Information Sciences Basic Research Portfolio

  • Computing Sciences: Computing and Informational Science portfolio supports research that provides increased performance and assured capability for processing signals and data, extracting critical information, and deriving actionable intelligence to enhance the warfighters' situational awareness, decision making, command and control, and weapons systems performance. The Computing Sciences thrust areas include Computational Architectures and Visualization, Information Assurance, Information Processing and Fusion, and Social Informatics. The areas of focus for this research identify and address the Army's critical basic research problems in Computing Sciences where progress has been inhibited by a lack of novel concepts or fundamental knowledge.
  • Mathematical Sciences: Mathematics portfolio responds to increasing demands on the mathematical sciences by attempting to systematically advance fundamental knowledge and underlying models that focus on the needs of the Army. In particular, mathematical sciences are integral parts of research in network science, decision science, intelligent systems, and computational science. Mathematical Sciences also plays an important role in solving Army issues related to materials, information, robotics, networks, C4ISR, testing, evaluation, decision-making, acquisition, training, and logistics. The areas of focus for this research include Probability and Statistics, Modeling of Complex Systems, Numerical Analysis, and Biomathematics.

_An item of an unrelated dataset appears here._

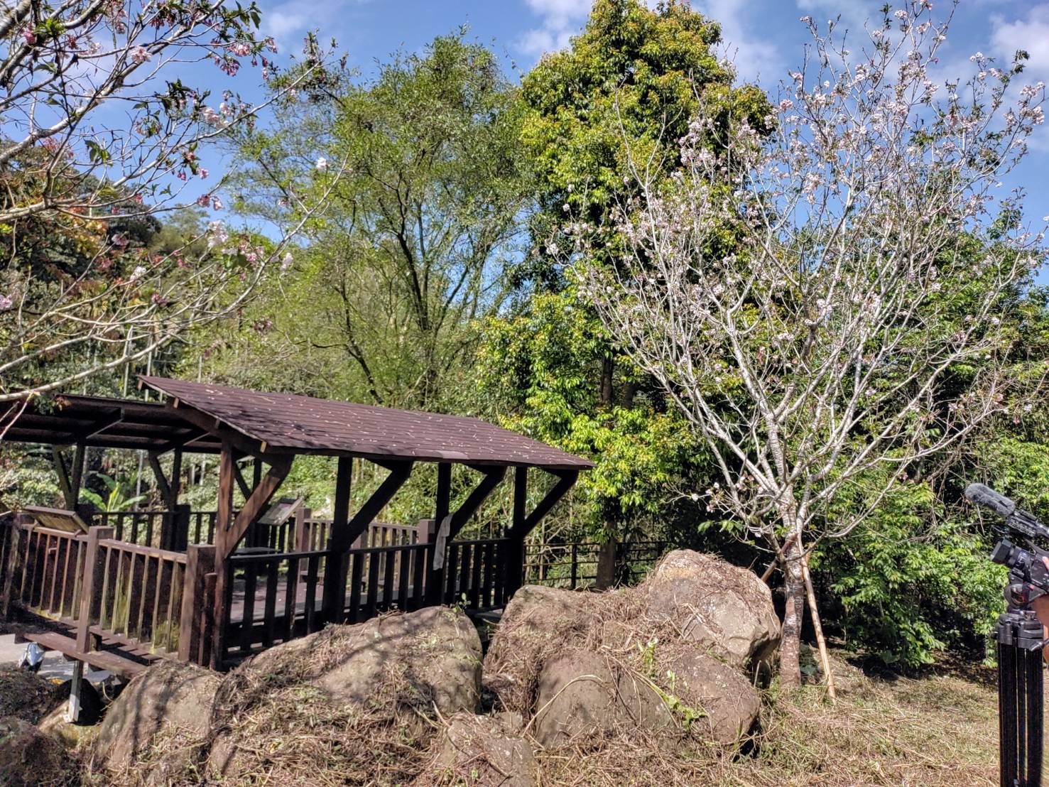 圖三財仔溪溪畔木構亭旁的染井櫻盛開。(記者林凌霄攝 )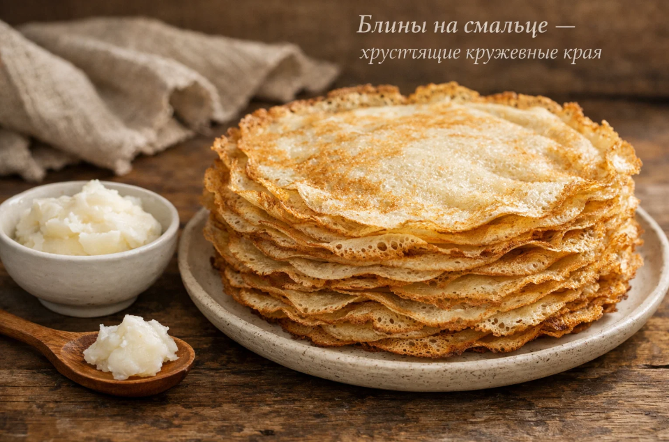 Есть ещё один фактор. Смалец имеет более высокую температуру дымления, чем большинство нерафинированных растительных масел. Это значит, что он лучше переносит сильный нагрев и не начинает гореть и выделять неприятный запах. На практике это означает, что вы можете жарить блины на более горячей сковороде, а именно высокая температура и даёт ту самую хрустящую кромку.

  • Network Sciences: Network Sciences research makes use of the commonality in the structure of networks around us - be it communication among a school of fish, pack of wolves, a group of jihadis, or an adhoc wireless network. The goal of Network Sciences is to make use of this commonality, in a synergistic way, to address issues of importance to the Army. Networks of sensors, communication and computation nodes, and robots are pervasive throughout the Army and especially in Command, Control, Communications, Computing, Intelligence, Surveillance, and Reconnaissance (C4ISR) systems. The areas of focus for this research include Communications and Sensor Networks, Intelligent Networks, Multi-Agent Network Control, and Decision and Neuro Sciences.